> **AIM OF THE EXERCISE**:
Retype only what runs from the first line of the records to the line with "Сейчас пространство перед", inclusive, and no pictures.

> **DATASET EXTRACT**:
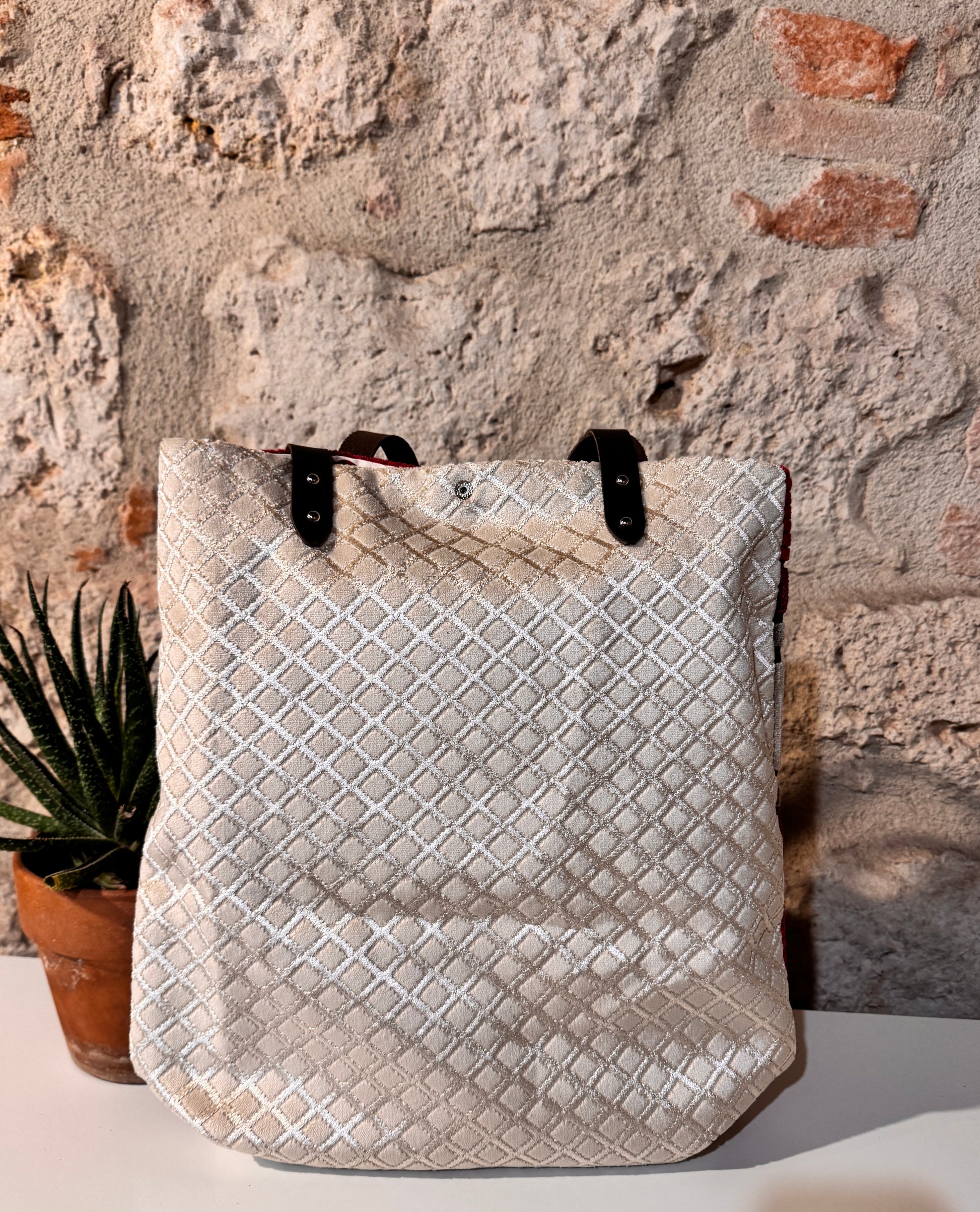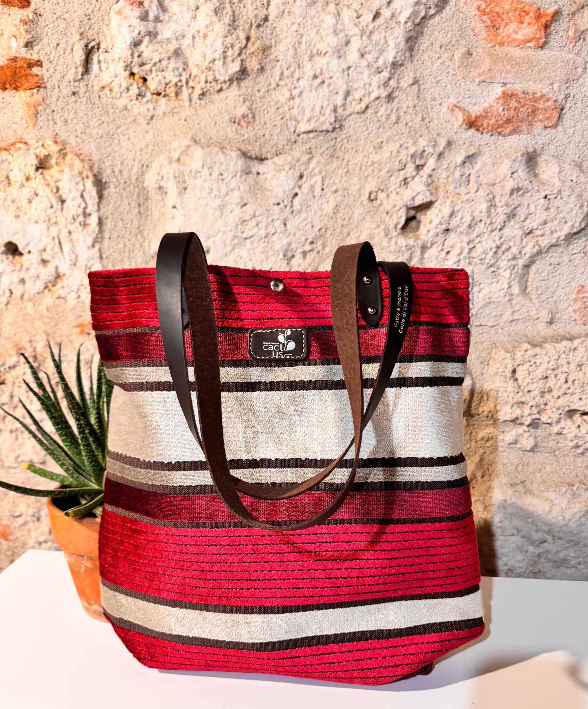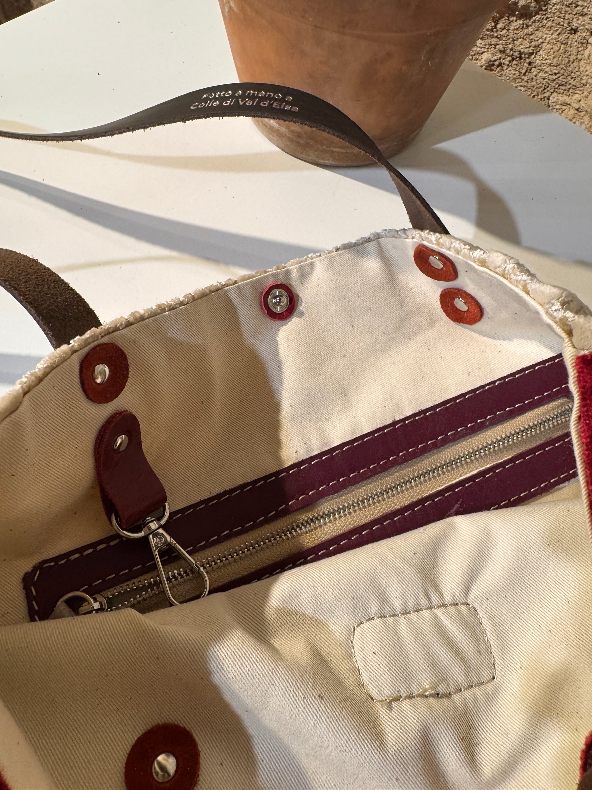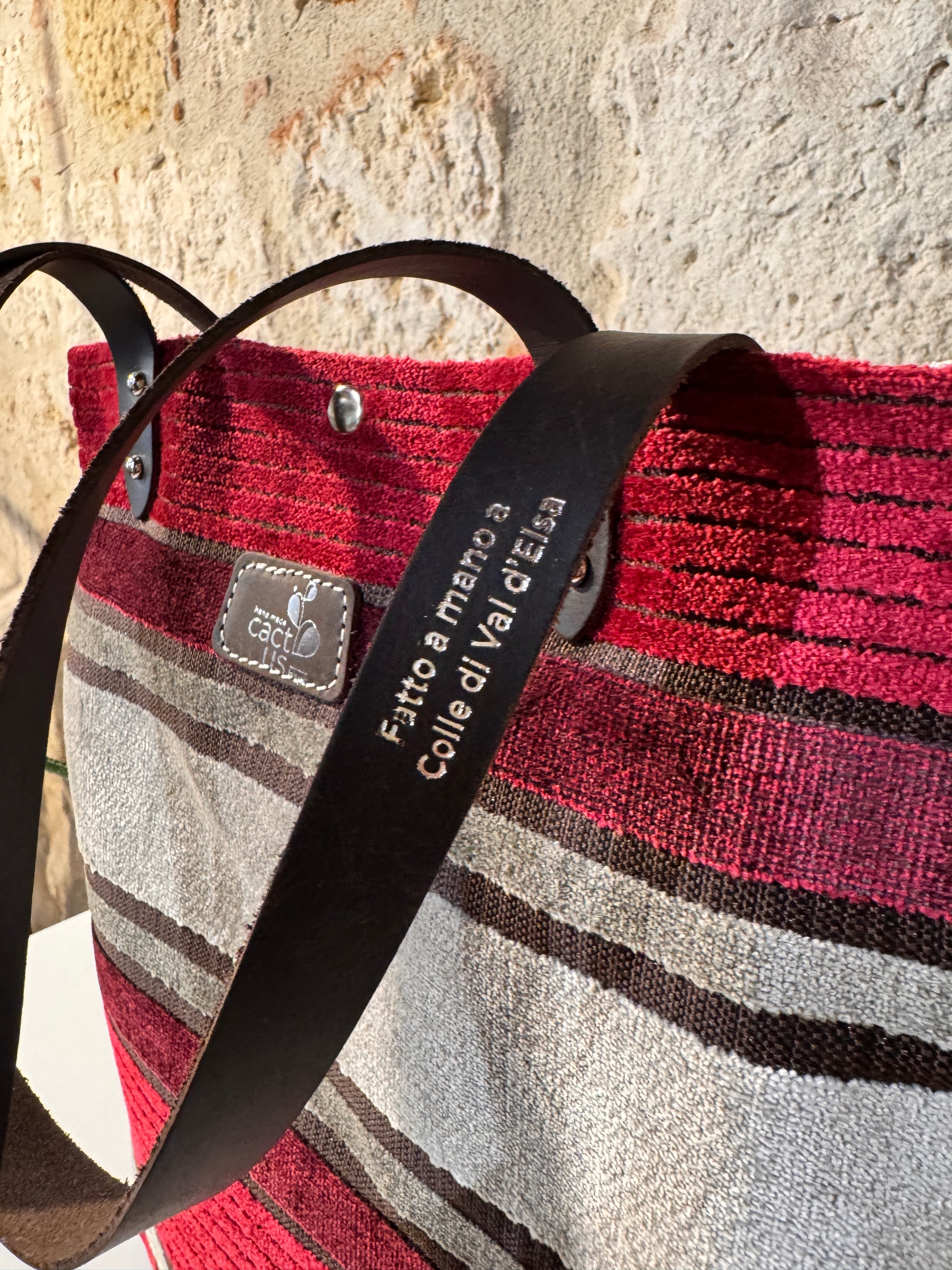 Realizzata in tessuto di tappezzeria con manici e laccetto tira zip in pelle.
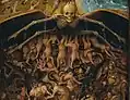 Het onderste tafereel bestaat uit een afbeelding van de dood met de beenderen van zijn armen en benen gespreid boven de hellemond. Onder hem vallen de naakte lichamen van de verdoemden in de hel. In de hel herkent men evengoed dan in de hemel wereldlijke en kerkelijke hoogwaardigheidsbekleders, maar hier gepijnigd door de vlammen en gekweld door de duivels.
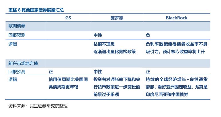 3、 固收:上述几家外资行一致不看好美国国债、欧洲债券;一致看好TIPS作为通胀防御;对美国市政债、高收益企业债、新兴市场地方债看法分化;
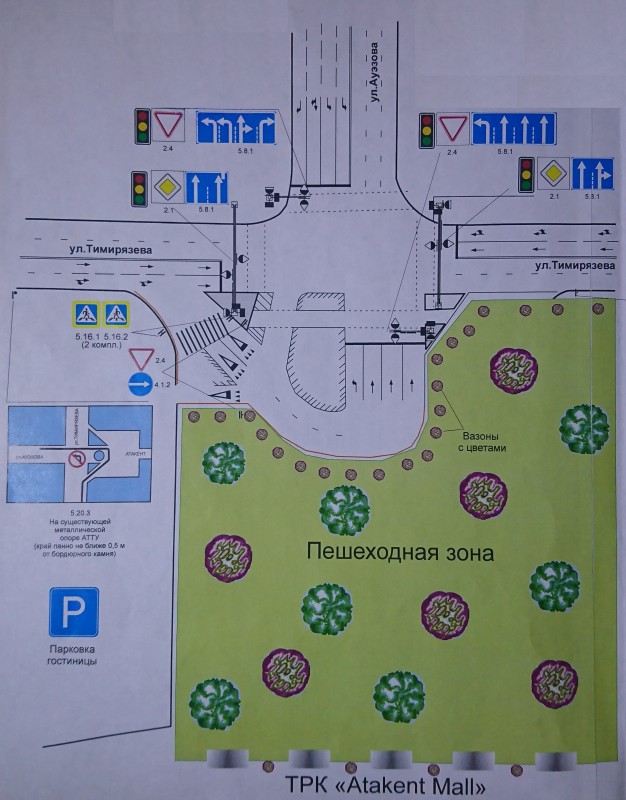 Сейчас пространство перед центральным входом в "Атакент" является пешеходной зоной - здесь поставили вазоны с цветами. Для разворота машин и общественного транспорта на Тимирязева - Ауэзова оставили небольшую площадь. Теперь заехать на территорию Центра делового сотрудничества можно с Тимирязева, западнее улицы Манаса, и со стороны Жарокова - Утепова.
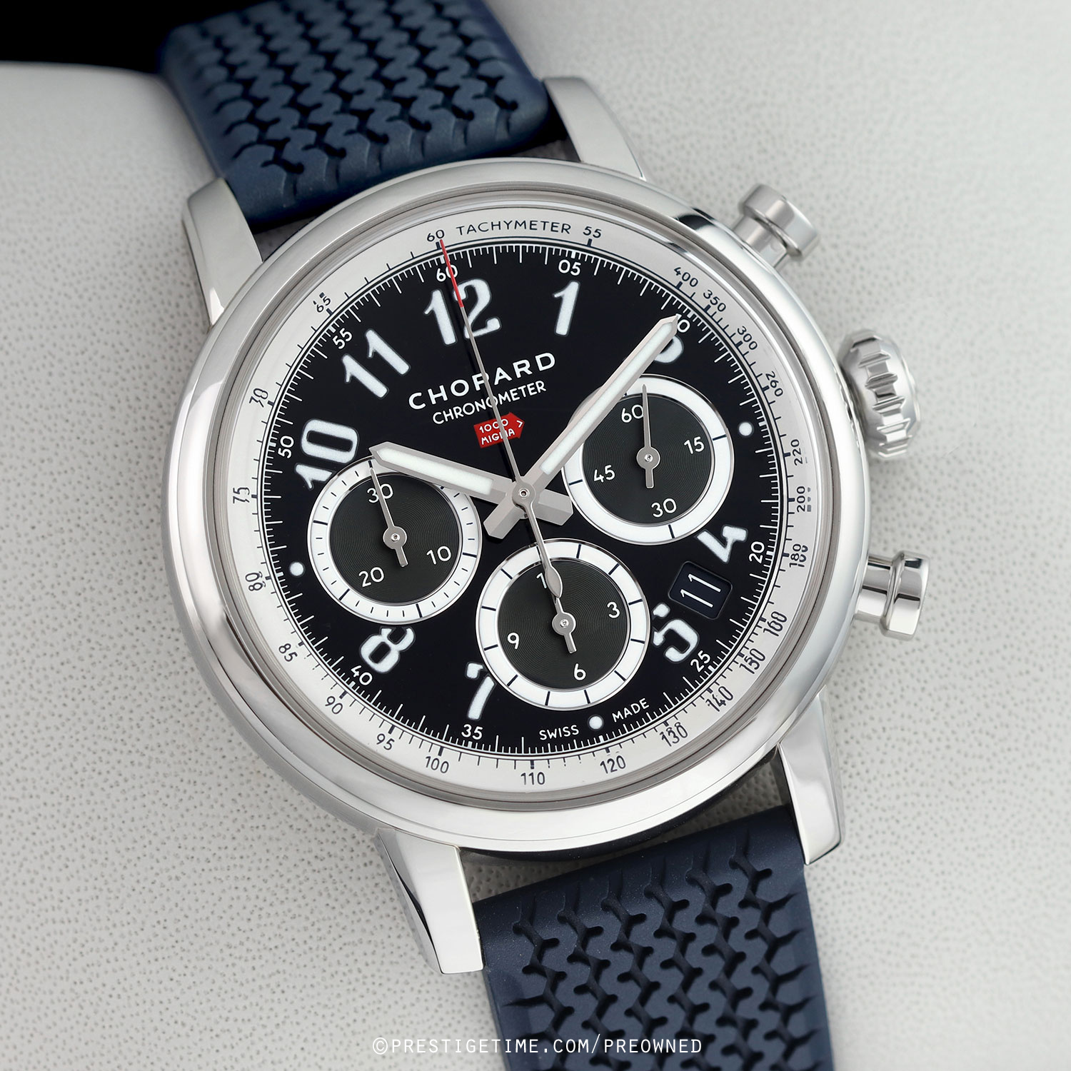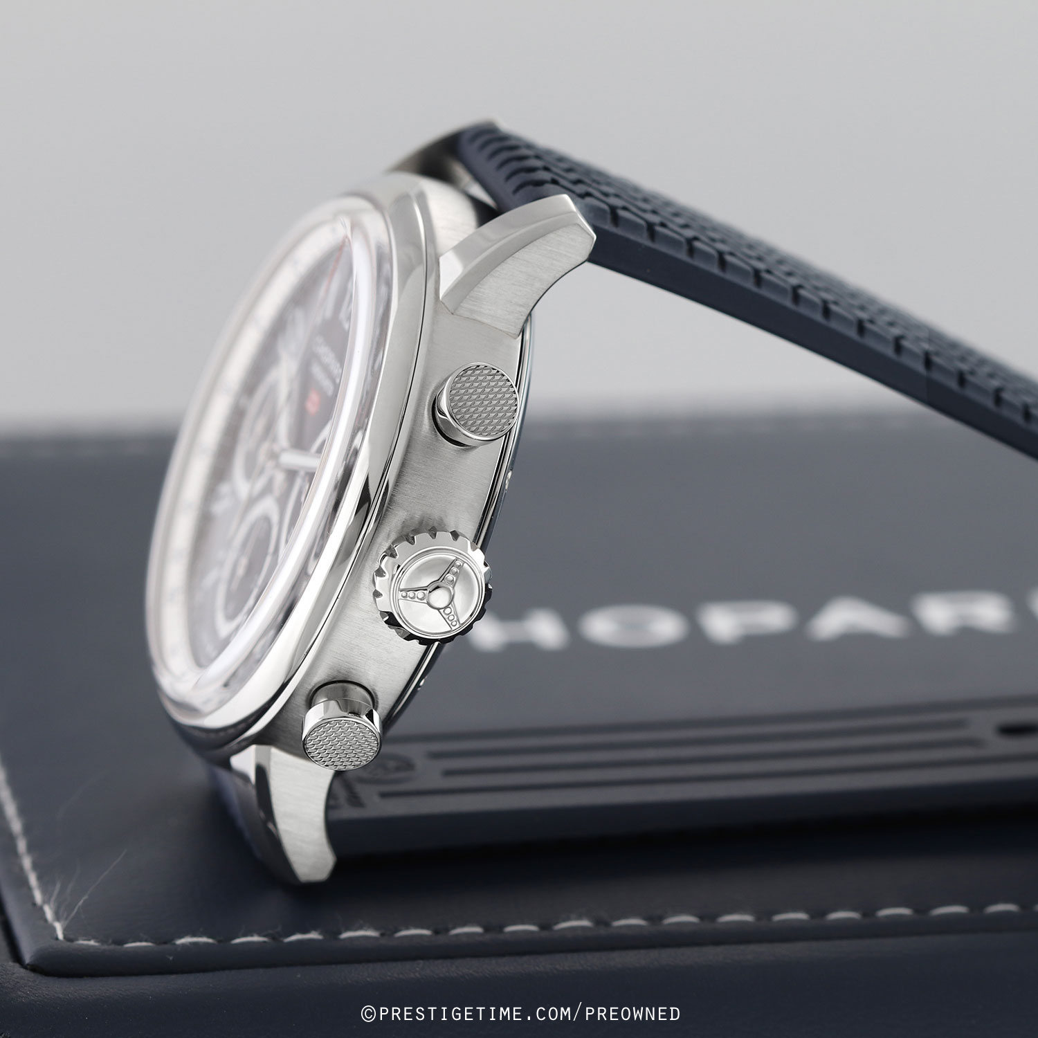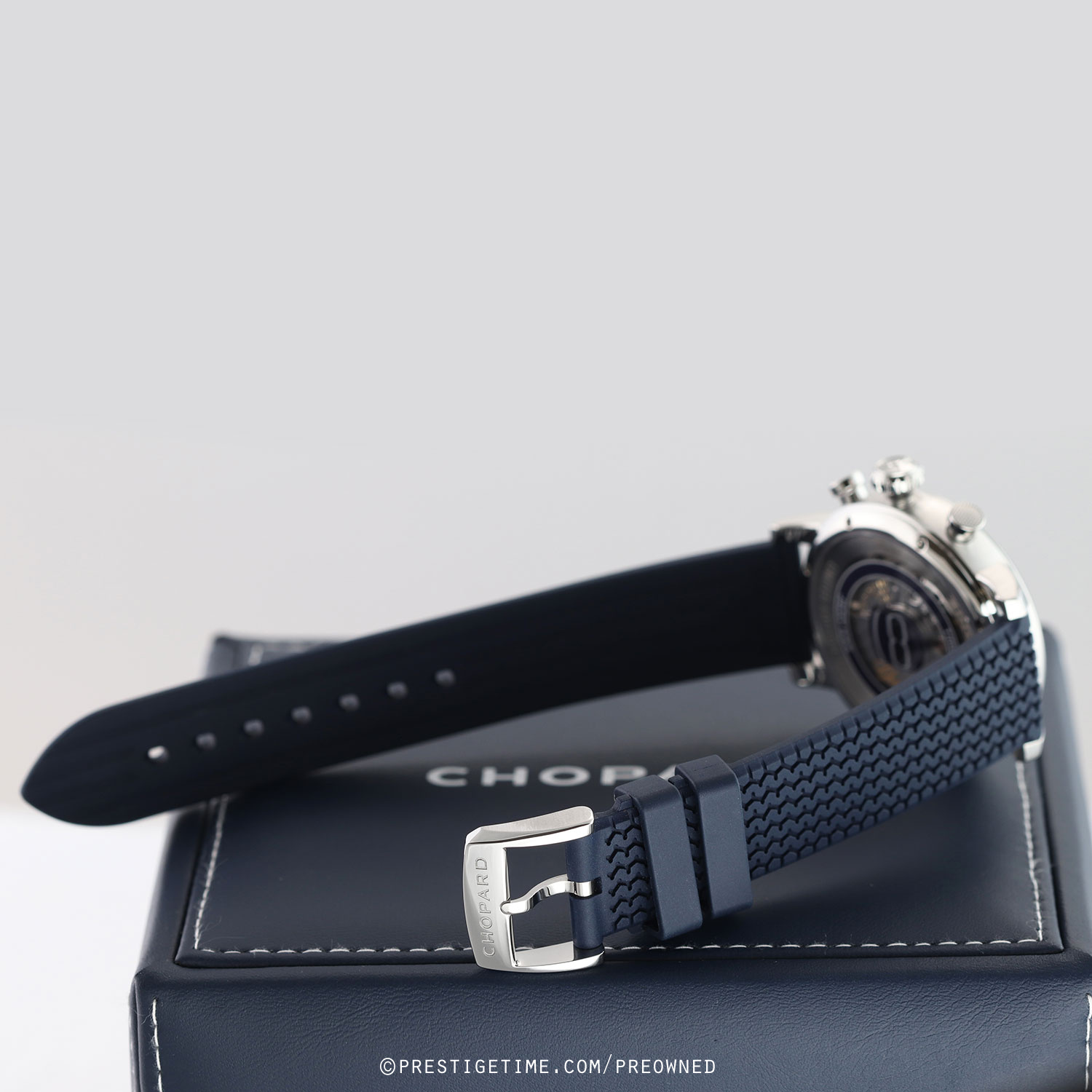 Strap: Fitted on its original Chopard dark blue rubber tire-tread style strap with a stainless steel tang buckle. The strap is in excellent near new condition with its full wear lifespan remaining. We would grade this trap in 98%+ condition.
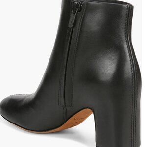 Worn once. Full leather ankle boots. Stylish seam down front center with 3in leather covered heel. Size 6.5M Women's. Narrow ankle and inner zip.
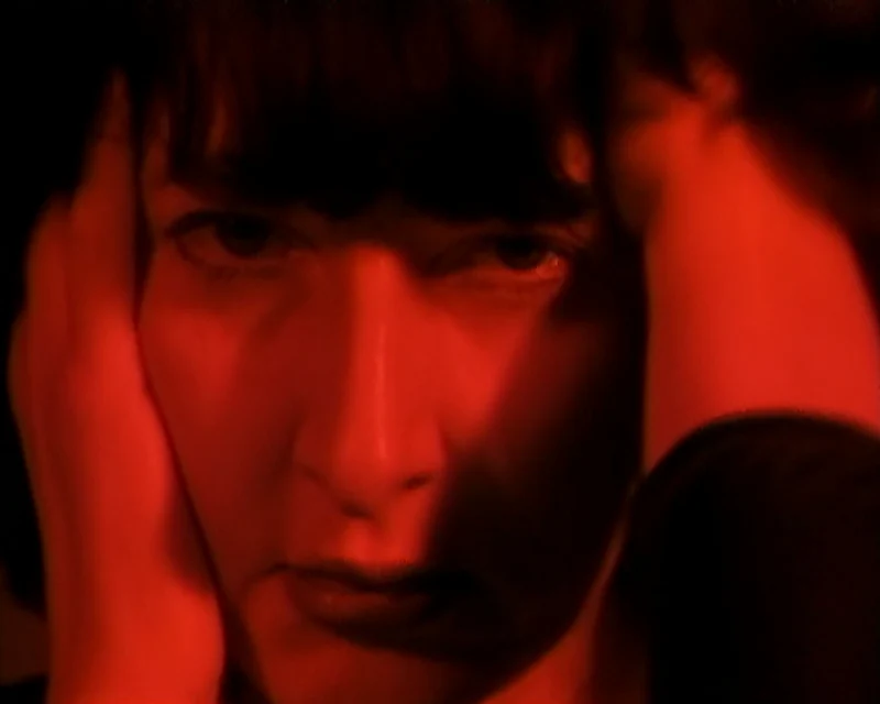 Her ‘Blue Period’ is one marked by unease. Again, she bites at her fingernails, this time as though intent on unspooling herself; her teeth a specular reflection as her face shifts through phases. Doe-eyed, she oscillates between indifference and savagery. Here, blue evokes melancholia and detachment. The slides, like much of her early work, test the boundaries of masochism.

> **TASK OUTPUT**:
 Realizzata in tessuto di tappezzeria con manici e laccetto tira zip in pelle.
 Het onderste tafereel bestaat uit een afbeelding van de dood met de beenderen van zijn armen en benen gespreid boven de hellemond. Onder hem vallen de naakte lichamen van de verdoemden in de hel. In de hel herkent men evengoed dan in de hemel wereldlijke en kerkelijke hoogwaardigheidsbekleders, maar hier gepijnigd door de vlammen en gekweld door de duivels.
 3、 固收:上述几家外资行一致不看好美国国债、欧洲债券;一致看好TIPS作为通胀防御;对美国市政债、高收益企业债、新兴市场地方债看法分化;
 Сейчас пространство перед центральным входом в "Атакент" является пешеходной зоной - здесь поставили вазоны с цветами. Для разворота машин и общественного транспорта на Тимирязева - Ауэзова оставили небольшую площадь. Теперь заехать на территорию Центра делового сотрудничества можно с Тимирязева, западнее улицы Манаса, и со стороны Жарокова - Утепова.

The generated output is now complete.